18 Audition DGCS par la commission des affaires sociales du Sénat lors de l’examen du PLF 2012

[219] Par ailleurs, les déboutés du droit d’asile ou en situation irrégulière, dépourvus de statut juridique mais non de droits (scolarisation des enfants, aide sociale à l’enfance, aide médicale...) sont également hébergés dans le dispositif de droit commun. La DREES19 estime que 73 % des déboutés du droit d’asile deviennent sans-abri ou sont orientés vers l’hébergement d’urgence. Sans que cela puisse être mesuré précisément, certaines DDCS comme celle de Lyon estiment que près de 50 % des places d’hébergement d’urgence sont occupées actuellement par des déboutés du droit d’asile et des sans papiers. L’audit de modernisation conduit en 2006 par l’IGAS20 estimait lui à 7 000 le nombre de familles déboutées ou sans papier et accueillies dans le dispositif d’hébergement d’urgence. L’accueil de ces publics explique en grande partie le recours aux nuitées d’hôtel, jugé excessif tant par cet audit que par la Cour des comptes, ainsi que le nombre croissant d’absence de solution à une demande d’hébergement au 115, faute de place.

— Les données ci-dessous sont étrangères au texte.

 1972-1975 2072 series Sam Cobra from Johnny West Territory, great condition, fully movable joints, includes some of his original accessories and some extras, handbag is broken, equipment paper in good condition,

[220] La réduction du nombre de places d’urgence posera automatiquement des difficultés de régulation de ces publics. En effet d’une part, en application des principes d’inconditionnalité et de continuité ils doivent être hébergés mais d’autre part, ils ne peuvent être hébergés dans d’autres structures que l’urgence, faute de pouvoir juridiquement accéder au logement.

[221] Une telle situation ne peut qu’engorger de façon progressive mais inéluctable le dispositif de droit commun d’urgence au détriment de l’amélioration de la fluidité.

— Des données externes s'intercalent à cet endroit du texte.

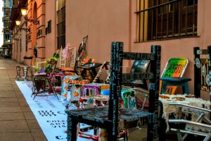 La intervención urbana se denominó a(dis)siento / en espera y, si bien el epicentro fue Concepción del Uruguay, otros artistas de la provincia sumaron su aporte con la intervención de sillas. «En Concepción decidimos que circulara en principio en lo que debería ser su sede actual, el ex Central Caseros, un edificio histórico donde hace tiempo se proyectó su espacio propio en lo que será un centro cultural, pero que, por diferentes razones la obra no se ha concluido», le contó Leti Ríos, integrante del Colectivo, a 170 Escalones. Luego, la intervención se trasladó a las veredas del Colegio del Uruguay como punto central de circulación entre los espacios que conformaron La noche de los museos.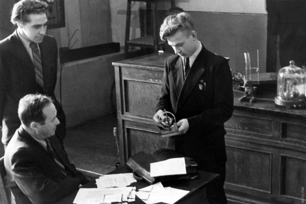 с молодыми ассистентами кафедры физики и основ производства Красноярского государственного педагогического института. Леонид Васильевич, возглавив Институт физики не оставил педагогическую деятельность. Подготовка к лекциям с молодыми ассистентами. Стоят: Д.А. Лаптей (слева) и В.П. Спиридонов.

[222] Sans se prononcer sur ce qui relève de la décision politique, la mission constate simplement l’effet produit sur l’hébergement par des décisions relevant d’autres politiques. Les DDCS et les SIAO sont aujourd’hui dépourvus de tout levier et subissent ces décisions. Ils demandent une prise de position des pouvoirs publics sur cette question, ou a minima les moyens de prendre en charge ces situations.

[223] Par ailleurs, il y a encore très peu de lien formalisé entre les SIAO et les plateformes d’accueil des demandeurs d’asile (PFA). Seuls 26 % des SIAO déclarent une coopération débutante avec ces plateformes (cf. § 2.2.2). La gestion se fait au cas par cas avec les travailleurs sociaux. La mission estime qu’il est urgent de remédier à cette question, notamment pour les demandeurs d’asile n’ayant pas de places en CADA et surtout pour les déboutés du droit d’asile.

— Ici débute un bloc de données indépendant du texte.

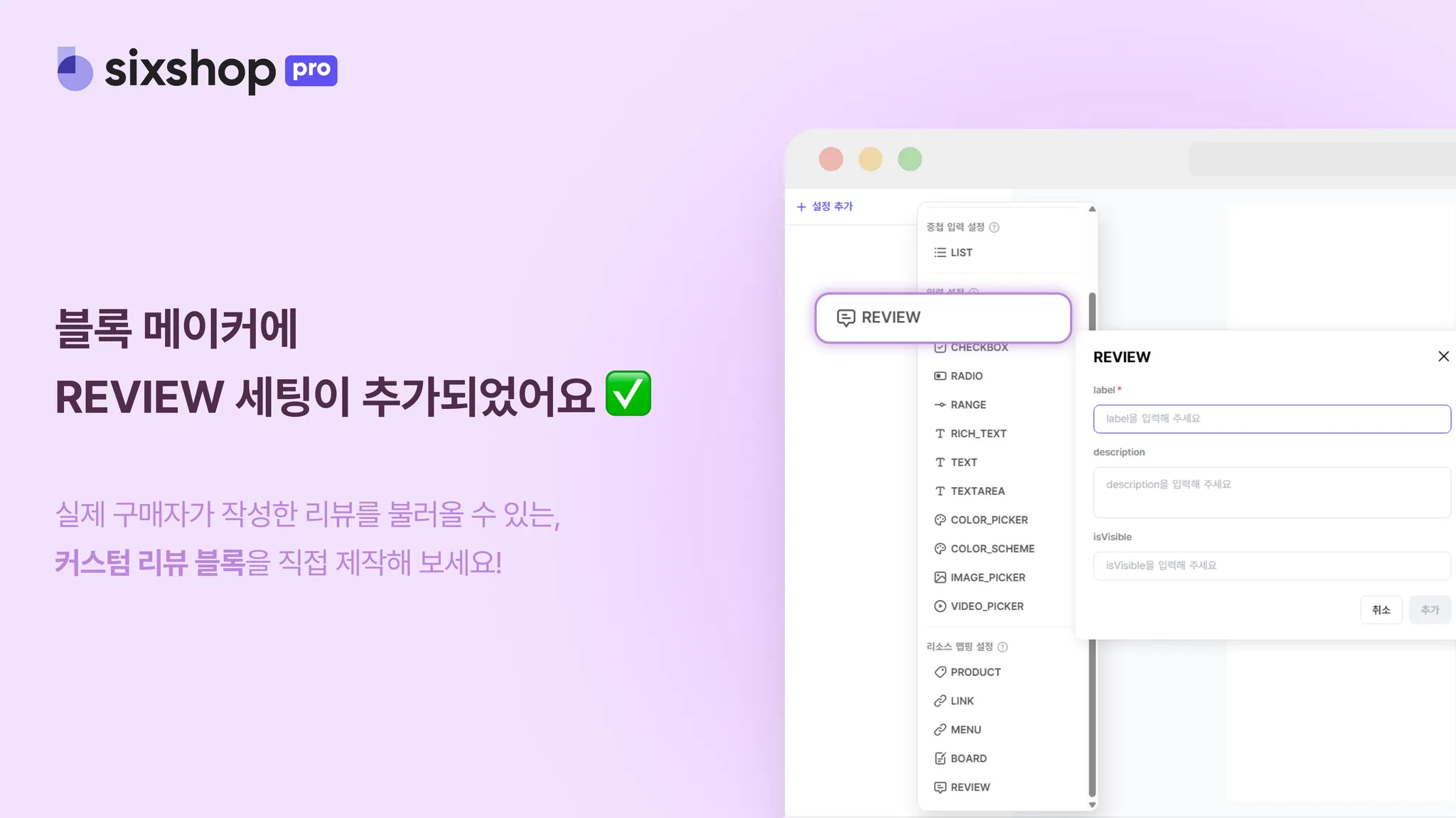리뷰 블록을 제작할 수 있게 되었답니다!

[224] Enfin, le ministère de l’intérieur a diffusé en décembre 2011 un référentiel à destination des PFA précisant que, dans l’hypothèse d’un manque de place, elles ne devaient plus rechercher des solutions d’hébergement pour des publics qui relèvent pourtant de leur compétence et de leur budget mais devaient les renvoyer directement sur le SIAO. Cela apparaît très contestable à la mission, car ce référentiel officialise des pratiques qui certes existaient mais restaient encore marginales en raison de leur manque de base juridique. Ce type d’instructions incitant les PFA à orienter les demandeurs d’asile vers le SIAO pour la recherche d’un hébergement pourrait « ouvrir les vannes » et entraîner une charge indue intolérable pour les SIAO qui sont encore en montée en charge et déjà embolisés par le nombre croissant de demandes d’hébergement dans le dispositif de droit commun.

Recommandation n°36 : L’Etat, et plus particulièrement la DGCS et le service de l’asile, doivent prendre une position commune sur les modalités d’hébergement des demandeurs du droit d’asile, des déboutés et des sans papiers, clarifier les financements et donner des instructions nationales claires aux SIAO par le biais d’une circulaire commune.

19Etudes et résultats, L’hébergement social (hors urgence) : 70 000 personnes sans logement accueillies en établissements, DREES, n° 766, juin 2011.

20 La procédure de prévision et de gestion des crédits d’hébergement d’urgence, Gilles Sanson (IGA), Christine d’Autume (IGAS) et Maryse Fourcade (IGAS), avril 2006.